The authors evaluate their proposed TRIAGE model against several ISMTS baselines under varying variable masking ratios on the MIMIC-III dataset. Results demonstrate that both the supervised fine-tuned and reinforcement learning-enhanced versions of TRIAGE consistently achieve superior discrimination performance compared to existing methods across all tested missing data scenarios. The model maintains robust predictive accuracy even as the proportion of masked variables increases, highlighting its resilience to incomplete clinical information. The proposed TRIAGE model, particularly after reinforcement learning, consistently outperforms all ISMTS baselines in both AUROC and AUPRC metrics across all variable masking ratios. TRIAGE demonstrates superior robustness to missing data, maintaining high predictive performance even when up to half of the input variables are removed. The reinforcement learning stage provides a notable performance boost over supervised fine-tuning alone, achieving the best results on nearly all evaluation points.
The authors evaluate model performance across varying training data sizes on the P12 dataset. Results demonstrate that all methods benefit from increased data availability, with performance gains evident as the training set expands. The proposed method consistently achieves the highest discrimination scores across all data fractions, showing the most significant advantage in low-resource settings. The proposed method achieves the highest AUROC and AUPRC scores across all data sizes, with the most significant advantage at the lowest training fraction. Performance for all models improves as the training data size increases. The method maintains a clear lead over baselines even as data availability grows, though the margin narrows slightly at higher data fractions.
The authors analyze the effectiveness of various reasoning structures by comparing zero-shot inference with supervised fine-tuning baselines. The results demonstrate that the proposed TRIAGE_SFT approach delivers the highest performance in discrimination metrics compared to all other tested methods. TRIAGE_SFT achieves superior performance in discrimination metrics relative to zero-shot inference and other supervised baselines. One-sided rationale supervision results in lower predictive accuracy compared to answer-only supervised fine-tuning. Zero-shot inference exhibits the weakest performance among the evaluated reasoning strategies.

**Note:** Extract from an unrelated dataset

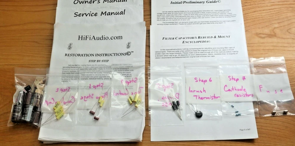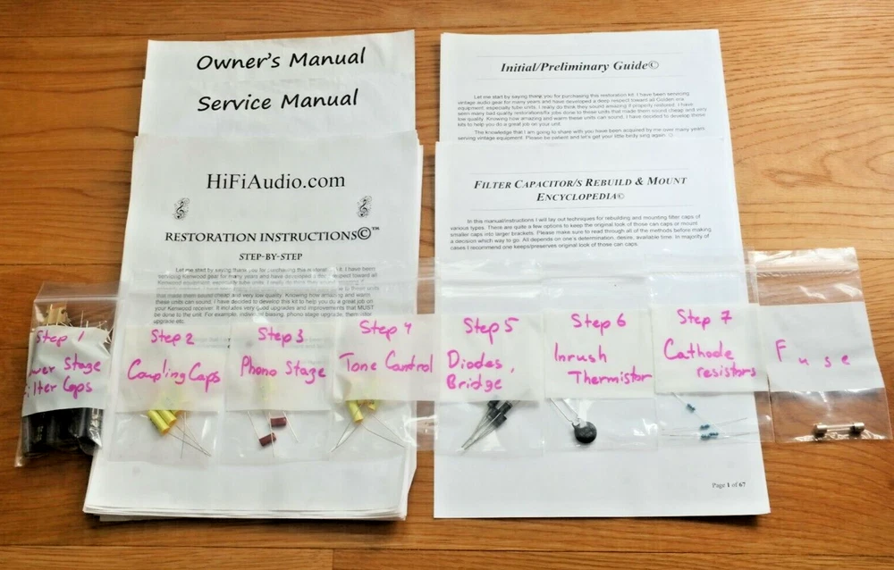 The scarcity of good, honest techs who can do good and reasonably priced restoration/rebuild of audio equipment inspired me to create this restoration kit. In today's day and age, it is difficult to find a knowledgeable technician who can service your audio gear properly. I have seen many poor quality restorations of equipment that cost way too much for their owners. In 99% of the cases, only a few parts were replaced, instead of a full and proper restoration job. A proper restoration must replace all electrolytic, paper, film, oil capacitors. Do not fall for partial kits. This is not a good or proper way to restore your audio equipment. It is the same as with car tires; one should never replace just one tire and keep the other worn-out tires on. A proper rebuild requires a full recap of all oil, paper, lytic capacitors. On the other hand, if one succeeds in finding a good tech, the wait time is usually 6-12 months for the unit to be serviced, and costs are sky-high. I have been servicing audio equipment for many years and have developed deep respect for all good equipment. Knowing how amazing and warm these units can sound, I decided to put together this kit. It includes very good upgrades and improvements that must be done to the unit. This restoration kit will make a huge difference in the sound quality. All the parts are of high-quality Japanese Nichicon / Rubycon / IC / United Chemi capacitors. I am extremely particular about the quality of the parts provided in this kit. Knowing how many bogus/fake caps, diodes, resistors, etc. are out there, I source all the parts from reputable wholesalers and buy them in bulk. Vintage audio equipment has the potential to deliver rich and authentic sound when it is properly restored. Not only can it enhance your listening experience, but it can also evoke memories and bring joy to your life. Let's work together to bring your vintage gear back to its full potential, and make sure you have the music you deserve. ♩♬♫♪♫♩♬ “They Shall Have Music”- Avery Fisher Included in this kit: 1. Power/Filter stage capacitors ( Nichicon / Nippon / United Chemi) electrolytic capacitors. 3 x custom made PCB adapter plates to help one replace the three multi-section can capacitors. Note, the image with silver multicap cans shown restaffed with new caps is for illustration purpose only. 2. Detailed instruction with colorful images, schematics, manuals (all of these are in electronic form, I consider these much better than printed version due to zoom availability). 3. Schematics (all of these are in electronic form, I consider these much better than printed version due to zoom availability). 4. Complete audio path upgrade with high quality US made (IC) or Nippon audio grade film capacitors. 5. Parts for complete recap of all the electrolytic capacitors. 6. Complete recap of all oil, film, paper, lytic caps. 7. fuse/s 8. Instructions on how to clean the chassis. 9. Instructions on how to clean a faceplate 10. Instructions on how to polish knob covers. 11. Support/help to a reasonable extent in case you need it. (This is what makes us different from other sellers.) The custom-designed PCB boards simplify the restoration process for multi-capacitor can capacitors in vintage audio equipment. Clearly labeled with polarity markings and mounting guides, they ensure precise assembly and seamless integration into your restoration project. These PCBs are also designed with cuts and openings to accommodate the original multi-section capacitor covers, allowing them to be reinstalled and preserving the authentic vintage look. An essential addition for maintaining both authenticity and functionality in vintage audio gear. We also offer a great selection of Restoration Kits , LED conversion kits , Volume Controls , Rotary Switches and other rare/unique parts; Make sure to check our store ---------> LINK (Use the search bar inside the shop to find what you need faster) We may also be interested in purchasing your equipment

The authors evaluate TRIAGE against established baselines on the P12 and MIMIC-III datasets by testing performance across varying training data fractions, increasing input variable masking ratios, and distinct reasoning strategies. These experiments validate the model's high data efficiency in low-resource settings, its predictive stability under severe missing data conditions, and the effectiveness of reinforcement learning over zero-shot or standard supervised approaches. Overall, TRIAGE demonstrates superior resilience to training scarcity and incomplete clinical information while maintaining consistent top-tier performance across all tested scenarios.